GL-4 vs. GL-5: Chemie, Reibwert und Materialschutz

Die API-GL-Klassen geben an, wie stark ein Öl für Hochdruckbelastungen (EP – Extreme Pressure) ausgelegt ist.

  • GL-4: moderater EP-Schutz, ausgelegt für synchronisierte Schaltgetriebe.
  • GL-5: deutlich mehr EP-Additive, entwickelt für stark belastete Hypoidachsen.

Der Knackpunkt bei Oldtimern sind die Synchronringe aus Messing/Bronze. GL-5 enthält mehr Schwefel-Phosphor-Pakete und oft Reibwert-Modifier, die zwar Zahnflanken in Hypoidachsen schützen, aber den Reibkoeffizienten der Synchronringe reduzieren können. Ergebnis: Die Gänge „beißen“ nicht sauber an – Schalten wird zäh, manchmal knirschend. Zusätzlich können ungeeignete Additivpakete bei hohen Temperaturen Buntmetalle stressen.

Heißt das: GL-5 ist schlecht? Nein. Es ist nur nicht für jede Baugruppe gedacht. GL-5 spielt seine Stärke in Achsantrieben mit Versatz (Hypoid) aus. In vielen alten Schaltgetrieben bleibt GL-4 die sichere Bank, weil es den nötigen Reibwert für Synchronringe liefert.

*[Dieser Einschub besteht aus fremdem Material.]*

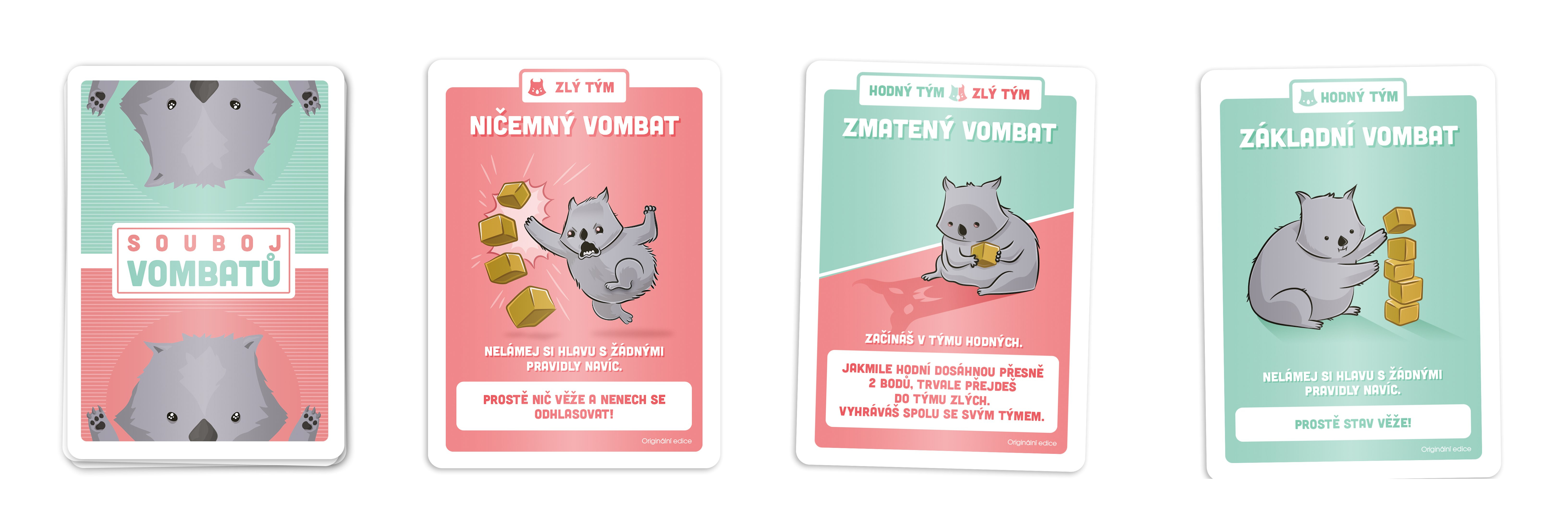 Přichází totální vombatí souboj! Buďte součástí vombatího týmu, kterému se v průběhu několika kol podaří jako prvnímu získat 3 body buď za stavění, nebo boření třech vombatích věží. Dejte však pozor, aby vás ostatní neodhlasovali ještě před koncem hry!

Oldtimer-Baugruppen verstehen: Getriebe, Achse, Transaxle

  • Klassische Hinterradantrieb-Limousinen: vorn ein synchronisiertes Schaltgetriebe, hinten eine Hypoidachse. Typisch ist: Getriebe = GL-4, Achse = GL-5. Ein Auto, zwei Öle.
  • Transaxle-Konzepte (Getriebe und Differenzial gemeinsam im Heck/Front): nutzen oft ein gemeinsames Öl für Synchrongetriebe und Achse. Dann entscheidet die Herstellerfreigabe – häufig GL-4 mit spezieller Viskosität. GL-5 nur, wenn ausdrücklich erlaubt.
  • Frühe unsynchronisierte Getriebe oder Geradverzahnungen: können andere Anforderungen haben; teils wurden historisch GL-3/GL-4 empfohlen. Ohne Handbuch ist eine fachkundige Einschätzung sinnvoll.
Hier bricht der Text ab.